WHAT IS NEEDED: Return exactly the lines of the records below, starting at the line that contains "Élégance et féminité" and ending at the line that contains "برعاية سعادة عميد", with both of those lines kept.
[RAW DATA — start]
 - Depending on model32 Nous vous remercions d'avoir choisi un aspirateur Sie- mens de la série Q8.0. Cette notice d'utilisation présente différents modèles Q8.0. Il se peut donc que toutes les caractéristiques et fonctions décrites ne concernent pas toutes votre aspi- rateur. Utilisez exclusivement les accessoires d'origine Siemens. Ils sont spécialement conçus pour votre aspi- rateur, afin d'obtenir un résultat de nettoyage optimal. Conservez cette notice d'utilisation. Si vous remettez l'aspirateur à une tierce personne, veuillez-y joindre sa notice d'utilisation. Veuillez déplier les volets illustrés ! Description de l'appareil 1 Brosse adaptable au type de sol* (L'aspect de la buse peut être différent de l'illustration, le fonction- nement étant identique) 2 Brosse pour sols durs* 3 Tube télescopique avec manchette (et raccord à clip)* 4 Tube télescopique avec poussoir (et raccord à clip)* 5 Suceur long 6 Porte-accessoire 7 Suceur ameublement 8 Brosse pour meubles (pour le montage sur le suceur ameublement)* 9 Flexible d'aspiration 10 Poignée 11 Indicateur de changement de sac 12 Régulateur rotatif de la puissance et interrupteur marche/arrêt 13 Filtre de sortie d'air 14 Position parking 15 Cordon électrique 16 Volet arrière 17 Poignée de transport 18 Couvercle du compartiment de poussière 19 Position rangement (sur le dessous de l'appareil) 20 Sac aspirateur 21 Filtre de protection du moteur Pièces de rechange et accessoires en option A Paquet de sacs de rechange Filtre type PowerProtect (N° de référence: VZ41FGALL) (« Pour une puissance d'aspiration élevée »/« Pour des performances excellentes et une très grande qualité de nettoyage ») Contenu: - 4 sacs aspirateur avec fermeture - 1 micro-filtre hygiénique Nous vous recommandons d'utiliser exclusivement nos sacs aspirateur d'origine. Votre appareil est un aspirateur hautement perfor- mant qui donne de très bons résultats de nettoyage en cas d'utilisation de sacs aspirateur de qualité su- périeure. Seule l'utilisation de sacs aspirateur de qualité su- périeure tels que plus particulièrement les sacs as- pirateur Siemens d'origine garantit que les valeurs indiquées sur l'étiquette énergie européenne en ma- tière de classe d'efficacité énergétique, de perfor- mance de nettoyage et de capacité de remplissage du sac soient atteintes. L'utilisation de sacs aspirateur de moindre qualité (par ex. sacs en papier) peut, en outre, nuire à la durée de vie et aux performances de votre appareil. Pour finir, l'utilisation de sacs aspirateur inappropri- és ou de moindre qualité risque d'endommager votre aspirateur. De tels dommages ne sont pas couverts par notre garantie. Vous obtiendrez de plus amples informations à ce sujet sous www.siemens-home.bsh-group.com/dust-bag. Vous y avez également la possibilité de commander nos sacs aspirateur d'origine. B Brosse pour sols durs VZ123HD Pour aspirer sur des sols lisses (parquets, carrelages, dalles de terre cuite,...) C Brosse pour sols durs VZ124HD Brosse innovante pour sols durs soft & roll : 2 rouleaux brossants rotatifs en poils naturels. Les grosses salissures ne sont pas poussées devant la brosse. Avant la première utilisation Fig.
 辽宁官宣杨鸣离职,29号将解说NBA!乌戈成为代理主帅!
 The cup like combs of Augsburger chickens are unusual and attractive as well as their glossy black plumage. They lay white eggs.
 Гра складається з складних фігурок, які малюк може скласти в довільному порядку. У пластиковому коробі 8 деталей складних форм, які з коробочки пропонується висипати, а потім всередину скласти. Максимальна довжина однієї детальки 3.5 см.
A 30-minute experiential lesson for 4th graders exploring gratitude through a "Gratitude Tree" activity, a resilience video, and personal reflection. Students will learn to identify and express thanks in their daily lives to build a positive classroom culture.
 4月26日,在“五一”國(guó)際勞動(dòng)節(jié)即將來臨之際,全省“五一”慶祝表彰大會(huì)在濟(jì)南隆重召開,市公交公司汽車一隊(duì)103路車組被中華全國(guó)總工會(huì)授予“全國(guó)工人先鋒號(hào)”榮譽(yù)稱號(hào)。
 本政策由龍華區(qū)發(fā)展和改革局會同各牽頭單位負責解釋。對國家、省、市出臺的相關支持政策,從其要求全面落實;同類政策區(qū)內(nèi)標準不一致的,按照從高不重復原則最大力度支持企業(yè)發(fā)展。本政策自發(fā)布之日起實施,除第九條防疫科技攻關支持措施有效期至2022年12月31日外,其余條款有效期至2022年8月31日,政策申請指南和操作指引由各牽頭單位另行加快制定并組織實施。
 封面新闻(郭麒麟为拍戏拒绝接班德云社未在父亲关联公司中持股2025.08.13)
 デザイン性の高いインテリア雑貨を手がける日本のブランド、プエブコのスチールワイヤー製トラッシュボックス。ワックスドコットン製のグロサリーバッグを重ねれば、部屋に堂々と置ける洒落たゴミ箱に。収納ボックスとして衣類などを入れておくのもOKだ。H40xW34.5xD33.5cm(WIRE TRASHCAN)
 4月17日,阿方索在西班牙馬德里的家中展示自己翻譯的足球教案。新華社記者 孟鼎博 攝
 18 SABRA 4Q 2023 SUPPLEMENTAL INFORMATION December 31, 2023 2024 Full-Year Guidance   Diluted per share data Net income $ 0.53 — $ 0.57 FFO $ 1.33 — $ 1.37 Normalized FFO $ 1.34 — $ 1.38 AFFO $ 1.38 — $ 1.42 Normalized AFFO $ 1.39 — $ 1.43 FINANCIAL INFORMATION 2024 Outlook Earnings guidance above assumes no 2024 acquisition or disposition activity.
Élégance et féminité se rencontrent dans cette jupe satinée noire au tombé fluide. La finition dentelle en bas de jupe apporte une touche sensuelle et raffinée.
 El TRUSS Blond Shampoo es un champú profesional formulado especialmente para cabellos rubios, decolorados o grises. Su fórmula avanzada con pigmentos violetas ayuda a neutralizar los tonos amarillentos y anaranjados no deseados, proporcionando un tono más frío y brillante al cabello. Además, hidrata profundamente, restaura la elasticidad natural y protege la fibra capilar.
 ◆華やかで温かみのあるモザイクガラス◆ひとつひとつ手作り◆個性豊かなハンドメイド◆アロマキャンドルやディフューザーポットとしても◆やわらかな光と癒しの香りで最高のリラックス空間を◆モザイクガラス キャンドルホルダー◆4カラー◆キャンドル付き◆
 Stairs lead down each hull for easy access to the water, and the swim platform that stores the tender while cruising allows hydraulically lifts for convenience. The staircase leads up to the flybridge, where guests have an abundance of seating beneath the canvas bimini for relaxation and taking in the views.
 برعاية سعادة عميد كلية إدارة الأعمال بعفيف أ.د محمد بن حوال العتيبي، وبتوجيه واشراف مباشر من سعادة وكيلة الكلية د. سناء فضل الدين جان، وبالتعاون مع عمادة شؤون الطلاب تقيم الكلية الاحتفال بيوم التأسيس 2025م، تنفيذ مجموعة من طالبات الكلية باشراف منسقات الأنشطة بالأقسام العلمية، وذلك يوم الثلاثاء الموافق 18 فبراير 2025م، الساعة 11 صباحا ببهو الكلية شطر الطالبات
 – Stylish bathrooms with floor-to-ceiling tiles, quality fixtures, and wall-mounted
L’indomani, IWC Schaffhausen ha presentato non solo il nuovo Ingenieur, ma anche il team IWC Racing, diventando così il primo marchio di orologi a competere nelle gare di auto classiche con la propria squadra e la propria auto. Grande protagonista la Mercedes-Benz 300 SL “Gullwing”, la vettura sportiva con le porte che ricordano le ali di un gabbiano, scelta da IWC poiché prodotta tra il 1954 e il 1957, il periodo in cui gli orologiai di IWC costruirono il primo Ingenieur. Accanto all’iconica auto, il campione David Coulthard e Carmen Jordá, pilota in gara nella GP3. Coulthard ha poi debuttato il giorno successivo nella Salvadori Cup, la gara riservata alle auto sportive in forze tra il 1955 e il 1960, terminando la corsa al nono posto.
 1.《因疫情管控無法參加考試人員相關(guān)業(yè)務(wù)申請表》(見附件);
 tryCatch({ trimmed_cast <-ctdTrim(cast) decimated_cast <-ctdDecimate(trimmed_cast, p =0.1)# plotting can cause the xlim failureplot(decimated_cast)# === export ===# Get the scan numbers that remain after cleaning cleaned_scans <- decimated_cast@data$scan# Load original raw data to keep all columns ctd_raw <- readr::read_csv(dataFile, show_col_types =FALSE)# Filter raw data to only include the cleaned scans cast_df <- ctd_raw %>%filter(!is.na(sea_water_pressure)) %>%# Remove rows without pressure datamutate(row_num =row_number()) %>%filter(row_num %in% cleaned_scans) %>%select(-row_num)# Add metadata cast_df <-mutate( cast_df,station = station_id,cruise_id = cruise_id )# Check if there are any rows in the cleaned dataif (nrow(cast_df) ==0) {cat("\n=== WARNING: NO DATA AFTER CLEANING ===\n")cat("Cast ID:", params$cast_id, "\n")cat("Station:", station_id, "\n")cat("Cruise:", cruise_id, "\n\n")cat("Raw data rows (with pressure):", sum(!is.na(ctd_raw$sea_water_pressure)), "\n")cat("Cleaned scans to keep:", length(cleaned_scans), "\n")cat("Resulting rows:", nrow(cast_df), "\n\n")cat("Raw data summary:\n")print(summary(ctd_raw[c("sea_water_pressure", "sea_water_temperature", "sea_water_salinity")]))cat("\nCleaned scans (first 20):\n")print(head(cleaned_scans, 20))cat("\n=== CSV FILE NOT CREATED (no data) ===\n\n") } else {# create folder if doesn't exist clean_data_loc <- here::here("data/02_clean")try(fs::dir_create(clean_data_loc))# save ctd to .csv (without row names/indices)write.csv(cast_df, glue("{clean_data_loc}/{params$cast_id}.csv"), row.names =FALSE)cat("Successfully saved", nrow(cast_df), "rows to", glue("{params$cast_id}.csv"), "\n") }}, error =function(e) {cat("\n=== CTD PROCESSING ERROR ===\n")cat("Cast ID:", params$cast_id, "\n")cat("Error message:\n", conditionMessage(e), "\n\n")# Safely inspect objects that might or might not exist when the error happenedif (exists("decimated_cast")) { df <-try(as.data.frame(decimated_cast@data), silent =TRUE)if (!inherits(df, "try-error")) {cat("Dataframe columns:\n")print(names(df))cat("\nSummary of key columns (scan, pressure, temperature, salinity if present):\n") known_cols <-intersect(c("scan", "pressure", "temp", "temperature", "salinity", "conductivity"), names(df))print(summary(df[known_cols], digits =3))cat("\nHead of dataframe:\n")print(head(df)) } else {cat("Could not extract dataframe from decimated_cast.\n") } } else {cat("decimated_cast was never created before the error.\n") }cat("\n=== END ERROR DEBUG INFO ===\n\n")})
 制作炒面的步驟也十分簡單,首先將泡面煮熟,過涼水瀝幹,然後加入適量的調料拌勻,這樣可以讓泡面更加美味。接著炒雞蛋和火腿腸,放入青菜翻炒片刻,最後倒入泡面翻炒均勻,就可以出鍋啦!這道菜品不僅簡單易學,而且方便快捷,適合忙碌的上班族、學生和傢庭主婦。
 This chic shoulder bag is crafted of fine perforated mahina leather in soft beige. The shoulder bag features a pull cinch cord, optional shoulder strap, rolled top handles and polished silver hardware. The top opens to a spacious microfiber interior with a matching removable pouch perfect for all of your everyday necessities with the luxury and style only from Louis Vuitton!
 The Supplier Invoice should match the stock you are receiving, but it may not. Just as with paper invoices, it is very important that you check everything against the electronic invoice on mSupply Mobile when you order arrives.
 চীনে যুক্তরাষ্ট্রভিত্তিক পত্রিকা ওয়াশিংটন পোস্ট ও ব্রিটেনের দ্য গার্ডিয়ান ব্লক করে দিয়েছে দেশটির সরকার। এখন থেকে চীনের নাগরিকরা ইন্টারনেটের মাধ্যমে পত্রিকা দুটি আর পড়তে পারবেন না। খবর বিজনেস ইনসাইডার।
[RAW DATA — finish]
ANSWER AREA:
Élégance et féminité se rencontrent dans cette jupe satinée noire au tombé fluide. La finition dentelle en bas de jupe apporte une touche sensuelle et raffinée.
 El TRUSS Blond Shampoo es un champú profesional formulado especialmente para cabellos rubios, decolorados o grises. Su fórmula avanzada con pigmentos violetas ayuda a neutralizar los tonos amarillentos y anaranjados no deseados, proporcionando un tono más frío y brillante al cabello. Además, hidrata profundamente, restaura la elasticidad natural y protege la fibra capilar.
 ◆華やかで温かみのあるモザイクガラス◆ひとつひとつ手作り◆個性豊かなハンドメイド◆アロマキャンドルやディフューザーポットとしても◆やわらかな光と癒しの香りで最高のリラックス空間を◆モザイクガラス キャンドルホルダー◆4カラー◆キャンドル付き◆
 Stairs lead down each hull for easy access to the water, and the swim platform that stores the tender while cruising allows hydraulically lifts for convenience. The staircase leads up to the flybridge, where guests have an abundance of seating beneath the canvas bimini for relaxation and taking in the views.
 برعاية سعادة عميد كلية إدارة الأعمال بعفيف أ.د محمد بن حوال العتيبي، وبتوجيه واشراف مباشر من سعادة وكيلة الكلية د. سناء فضل الدين جان، وبالتعاون مع عمادة شؤون الطلاب تقيم الكلية الاحتفال بيوم التأسيس 2025م، تنفيذ مجموعة من طالبات الكلية باشراف منسقات الأنشطة بالأقسام العلمية، وذلك يوم الثلاثاء الموافق 18 فبراير 2025م، الساعة 11 صباحا ببهو الكلية شطر الطالبات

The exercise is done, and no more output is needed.